June 12, 2025 — Are you eating enough seafood?

It’s full of vitamins, minerals and protein, and it’s an excellent source of omega-3 fatty acids, a critical nutrient that our bodies need but can’t produce. Studies suggest that eating fish is good for your brain, eye and cardiovascular health. Health authorities recommend that adults eat at least two servings every week, equivalent to about eight ounces.

Yet 90 percent of U.S. adults eat so little seafood that they fall short of the recommendations. That’s not entirely surprising. Dietitians say that many people don’t know about the health benefits of eating seafood, or they may have concerns about the environmental impact and sustainability of commercial fishing. Some may be worried about exposure to mercury, a neurotoxin that’s found throughout the ocean and that can accumulate in fish. Others may be concerned about the costs.

The seafood landscape can also be confusing. With so many options — from shrimp to salmon to canned tuna — how do you know which ones to eat?

According to experts, the best types of seafood are those that meet three criteria:

  • Relatively low in mercury and high in omega-3 fats.
  • Sustainable.
  • Accessible and affordable.

Here’s what to know about seafood, including the healthiest types — and the ones you should reconsider and avoid altogether.

Why eating seafood can make you healthier

Fish is among the best sources of EPA and DHA, two omega-3 fatty acids that are known to reduce inflammation and promote brain and heart health.

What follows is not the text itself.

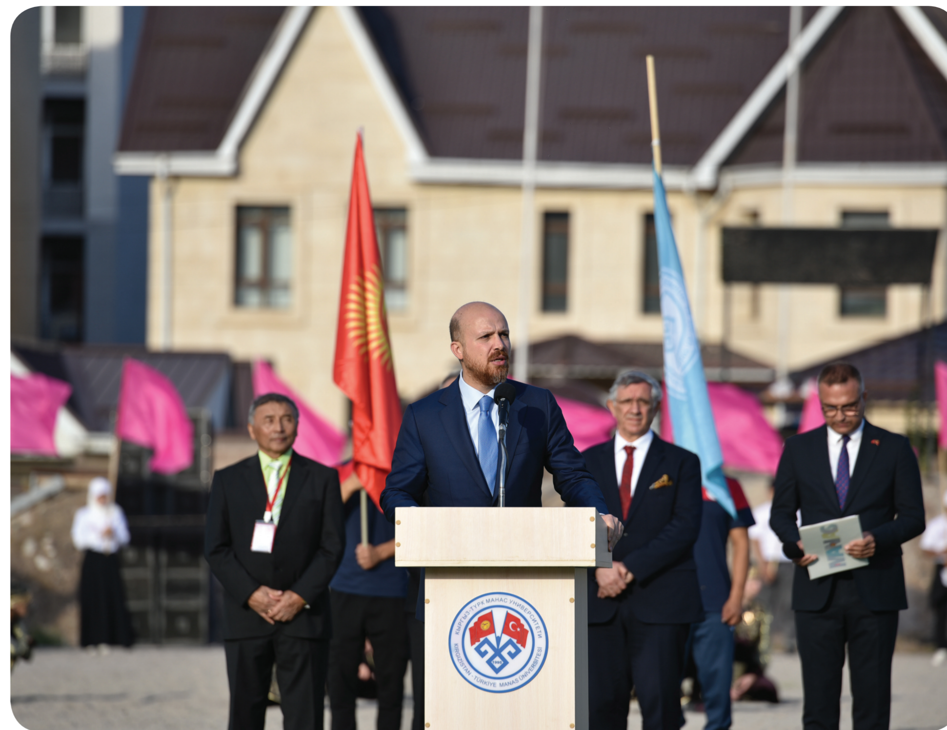
2023-жылдын 12-октябрында Кыргыз-Түрк “Манас” университети менен Бүткүл дүйнөлүк этноспорт конфедерациясы ортосунда кызматташуу протоколуна кол коюлду.

Бул документтин негизинде “Манас” университети менен Бүткүл дүйнөлүк этноспорт конфедерациясы улуттук спортту дүйнө жүзүндө жайылтуу, коргоо жана өнүктүрүү максатында маанилүү кадам ташташты.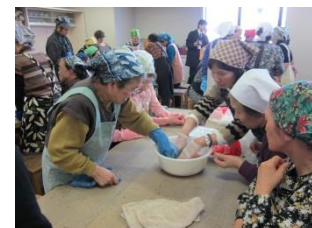
りんごの皮から抽出した液で草木染

“These types of fats are found in high concentrations in your brain, your eyes and your central nervous system,” said Katherine Zeratsky, a registered dietitian nutritionist at the Mayo Clinic. “They’re called essential fatty acids because we need them — and we have to get them from food.”

In 2020, a meta-analysis of studies that followed more than 900,000 people for up to 30 years found that higher fish consumption was associated with a lower risk of developing heart disease and a lower likelihood of dying from the disease. Another meta-analysis of studies involving roughly 670,000 people found that those who ate the most seafood were less likely to die prematurely from any cause. People who on average ate the equivalent of about a half a serving of fish per day (roughly two ounces) were 12 percent less likely to die early.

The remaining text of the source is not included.